:: Source information ::
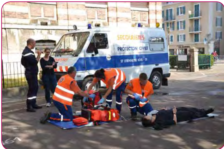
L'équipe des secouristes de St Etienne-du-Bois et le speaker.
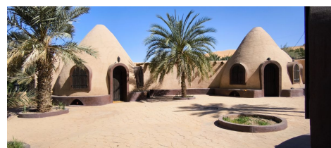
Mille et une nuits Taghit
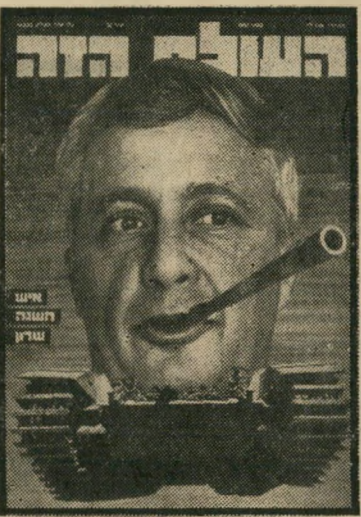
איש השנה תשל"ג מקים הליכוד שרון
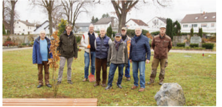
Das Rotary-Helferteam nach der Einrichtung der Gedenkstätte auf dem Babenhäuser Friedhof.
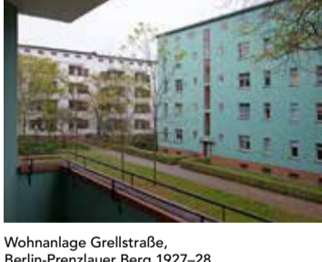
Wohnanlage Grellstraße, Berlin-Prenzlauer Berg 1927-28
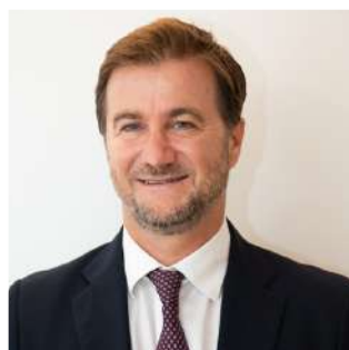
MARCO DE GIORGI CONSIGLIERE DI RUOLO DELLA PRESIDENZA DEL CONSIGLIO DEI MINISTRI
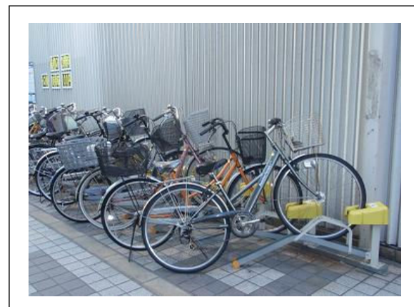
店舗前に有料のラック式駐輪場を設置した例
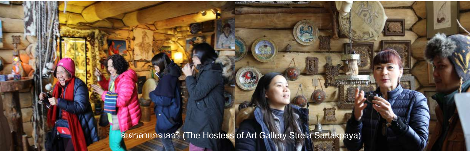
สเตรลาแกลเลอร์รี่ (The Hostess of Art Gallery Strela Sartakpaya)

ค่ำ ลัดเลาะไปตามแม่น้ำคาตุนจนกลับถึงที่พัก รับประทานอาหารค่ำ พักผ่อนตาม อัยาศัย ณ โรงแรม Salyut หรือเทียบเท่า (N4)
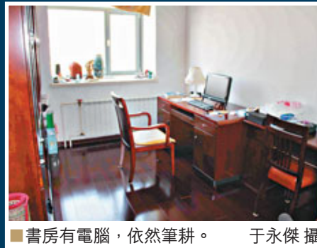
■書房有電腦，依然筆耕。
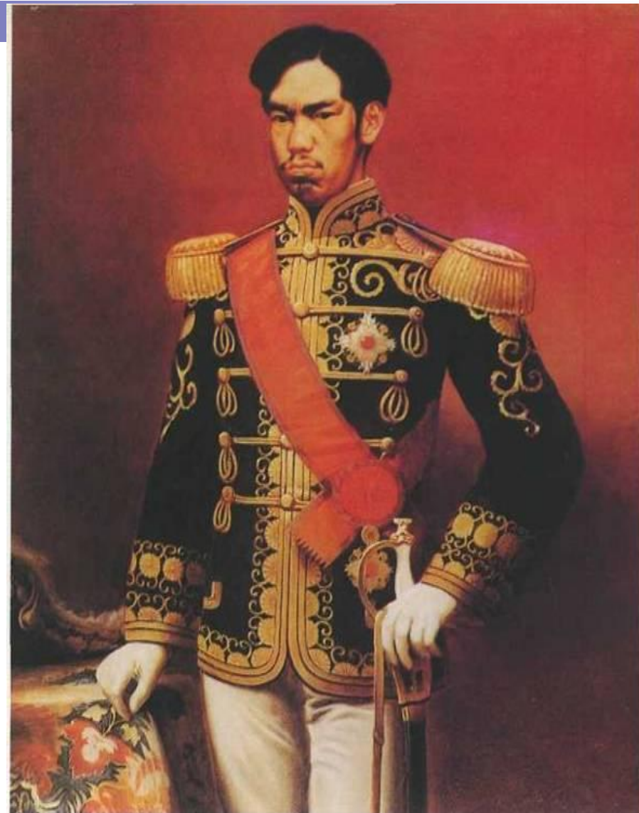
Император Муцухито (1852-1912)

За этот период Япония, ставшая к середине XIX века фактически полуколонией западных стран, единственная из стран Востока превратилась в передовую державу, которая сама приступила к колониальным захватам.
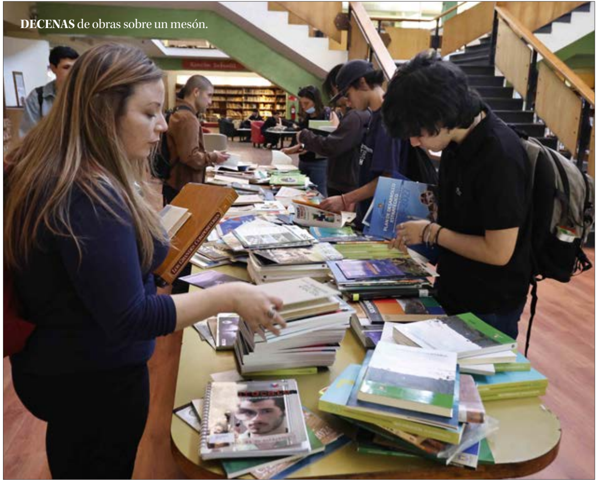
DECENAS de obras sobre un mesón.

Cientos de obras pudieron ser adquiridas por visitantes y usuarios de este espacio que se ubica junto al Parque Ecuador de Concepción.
:::
### Try it
In the answer, repeat exactly the lines from the top of the entries above through the line with "MARCO DE GIORGI", and leave pictures out of it.

### Answer
L'équipe des secouristes de St Etienne-du-Bois et le speaker.
Mille et une nuits Taghit
איש השנה תשל"ג מקים הליכוד שרון
Das Rotary-Helferteam nach der Einrichtung der Gedenkstätte auf dem Babenhäuser Friedhof.
Wohnanlage Grellstraße, Berlin-Prenzlauer Berg 1927-28
MARCO DE GIORGI CONSIGLIERE DI RUOLO DELLA PRESIDENZA DEL CONSIGLIO DEI MINISTRI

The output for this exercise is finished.